By GWEN BRISTOL, Correspondent

BISMARCK – Discussion on a bill that could limit the use of implanted
microchips in humans ignited plenty of what-if scenarios at a Senate
Judiciary Committee hearing on Wednesday.

The bill was presented by Sen. Randel Christmann, R-Hazen, with the
intent to keep employers from forcing employees to have microchip
implants for the purpose of closer supervision.

“The technology, if not there, is very close,” Christmann said. “We
want to make sure employees are never pressured into this before it
becomes a problem.”

“How far does it really go?” asked Bismarck resident Jim Oshanyk, who
said the implanted microchips could keep track of an employee’s
movements down to the number of hand repetitions. “They can keep very
close tabs on you. My main concern is privacy.”

Oshanyk listed examples of microchip implant uses, including a
business in Ohio that required some employees working on top-secret
projects to have implants. He mentioned that in some areas, newborns
receive implants that could track them if they were ever abducted.
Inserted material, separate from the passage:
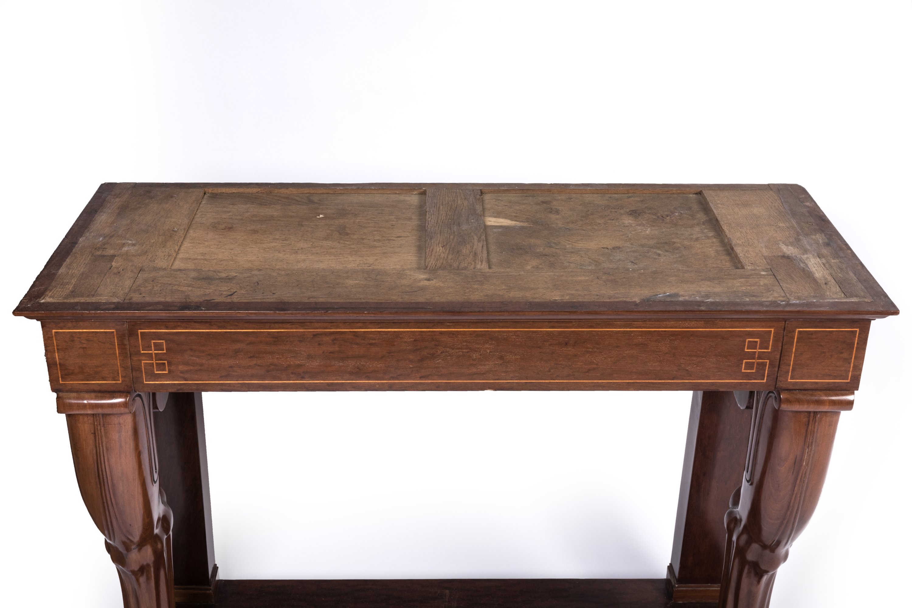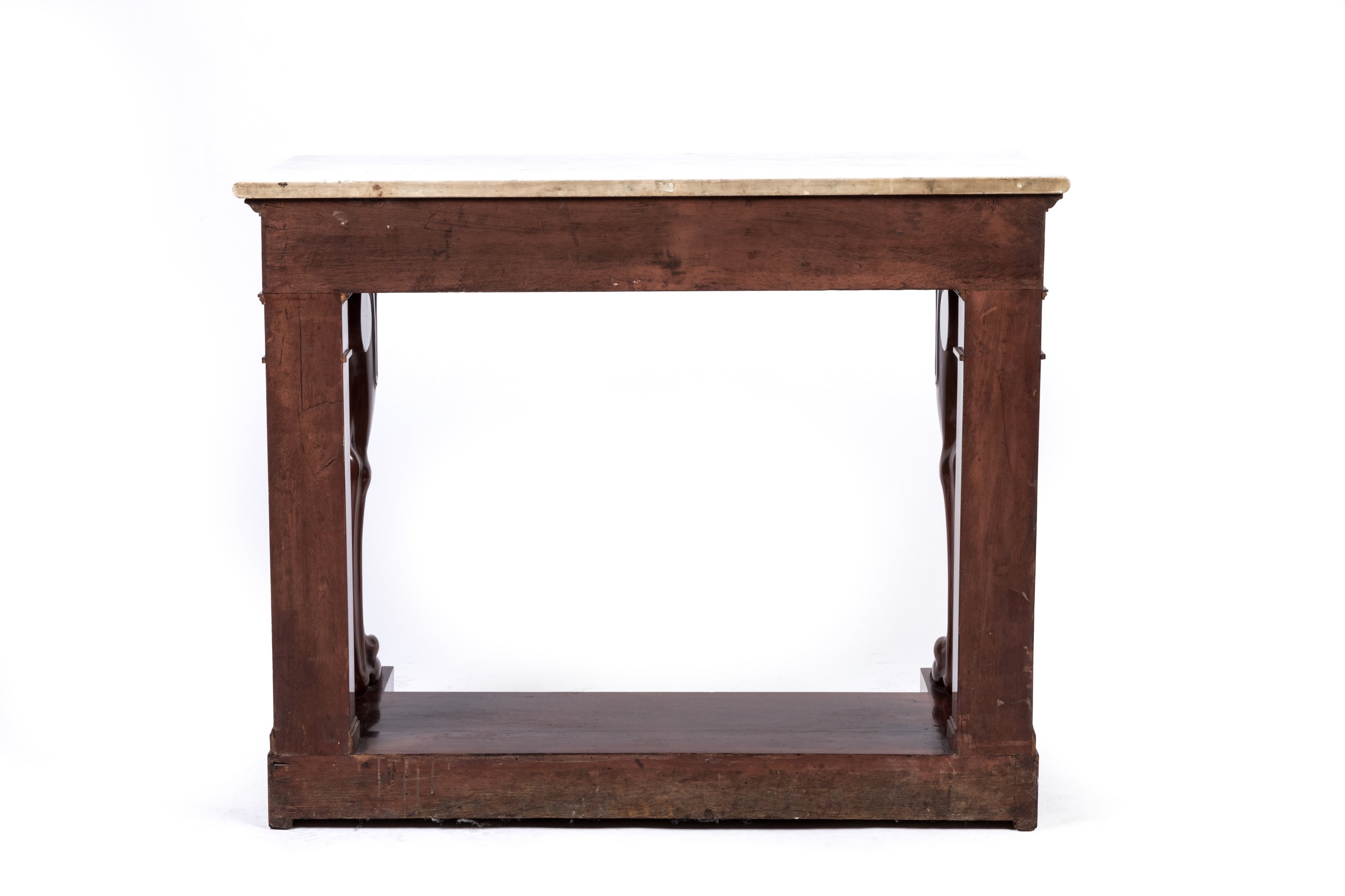 en acajou et placage d'acajou, ouvrant en ceinture par un tiroir décoré de filets de citronnier. Elle repose sur d'importants pieds antérieurs en jarrets surmontés de volutes et terminés par des pattes de lion. Les pieds postérieurs simulant deux pilastres. L'ensemble repose sur une plinthe à partie centrale en retrait.

Steve Bitz, also of Bismarck, said the microchip implantation could
work like a UPC code, but could differentiate products individually
and not just by type. In a human, it would work like an ID. Besides
being a privacy issue, Bitz said there could be health risks. Irma
Bitner, a registered nurse with Professional Home Care, agreed.

Bitner said some of the health concerns are that the chips could
migrate inside a person’s body and could cause serious burns,
especially in cases where implanted individuals had to have treatments
like MRI scans.

She also said anyone who had the ability to read and clone the chips
could steal the identity information stored on the chips.

“I prefer my records to be kept in a record room,” she said.

“I do not want mandatory implants in our children,” she said
later. “Let them have the same freedoms we have had.”

One possible issue raised by committee members was that the bill could
limit the way some criminals could be tracked electronically.
Christmann’s position was to ban the microchip implantations and let
those criminals be monitored by other electronic means.